In the listing below, every line with the word "Republic" needs to be copied.

SUPPLIED MATERIAL =>
___

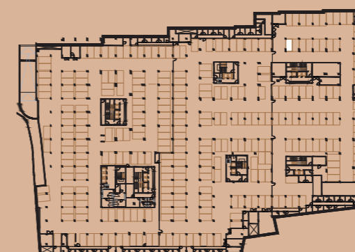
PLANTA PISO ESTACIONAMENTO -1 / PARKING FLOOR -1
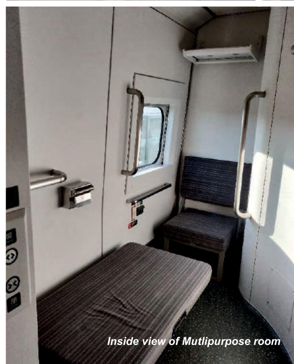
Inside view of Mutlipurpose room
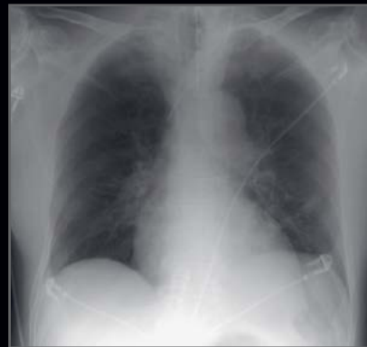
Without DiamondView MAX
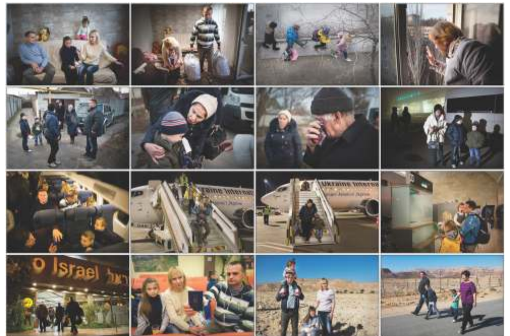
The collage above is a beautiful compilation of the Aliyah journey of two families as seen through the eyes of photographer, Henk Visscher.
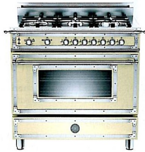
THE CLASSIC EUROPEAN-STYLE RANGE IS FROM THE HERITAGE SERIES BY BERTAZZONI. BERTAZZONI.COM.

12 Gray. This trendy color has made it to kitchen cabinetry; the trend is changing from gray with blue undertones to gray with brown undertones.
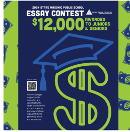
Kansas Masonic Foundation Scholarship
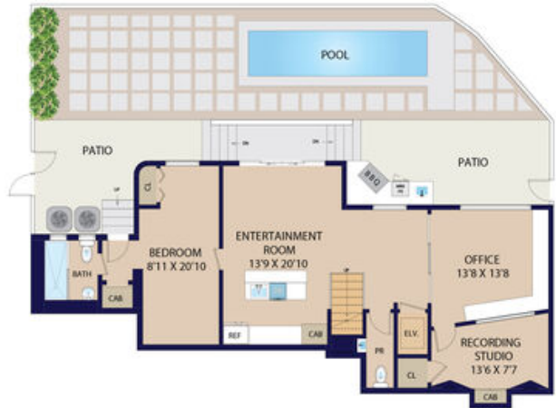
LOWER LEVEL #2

___

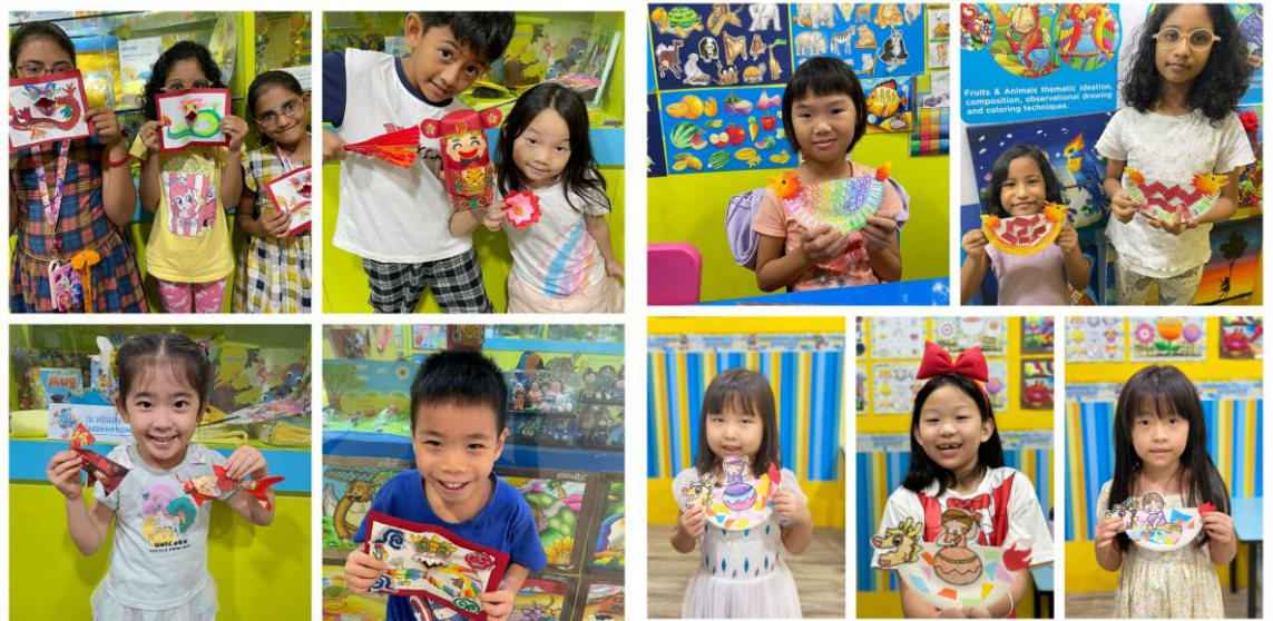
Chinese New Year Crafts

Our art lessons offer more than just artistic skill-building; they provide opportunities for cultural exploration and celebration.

___

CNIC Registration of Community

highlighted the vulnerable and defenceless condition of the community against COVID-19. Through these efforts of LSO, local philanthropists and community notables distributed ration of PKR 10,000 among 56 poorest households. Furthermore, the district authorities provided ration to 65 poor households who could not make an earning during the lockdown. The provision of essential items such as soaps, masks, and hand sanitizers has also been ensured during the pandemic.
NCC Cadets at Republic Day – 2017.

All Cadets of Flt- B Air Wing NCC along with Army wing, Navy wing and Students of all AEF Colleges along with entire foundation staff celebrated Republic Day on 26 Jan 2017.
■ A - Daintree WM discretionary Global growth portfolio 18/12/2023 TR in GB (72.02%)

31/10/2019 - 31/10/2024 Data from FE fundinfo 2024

___

SOLUTION TO THE PROBLEM =>
NCC Cadets at Republic Day – 2017.
All Cadets of Flt- B Air Wing NCC along with Army wing, Navy wing and Students of all AEF Colleges along with entire foundation staff celebrated Republic Day on 26 Jan 2017.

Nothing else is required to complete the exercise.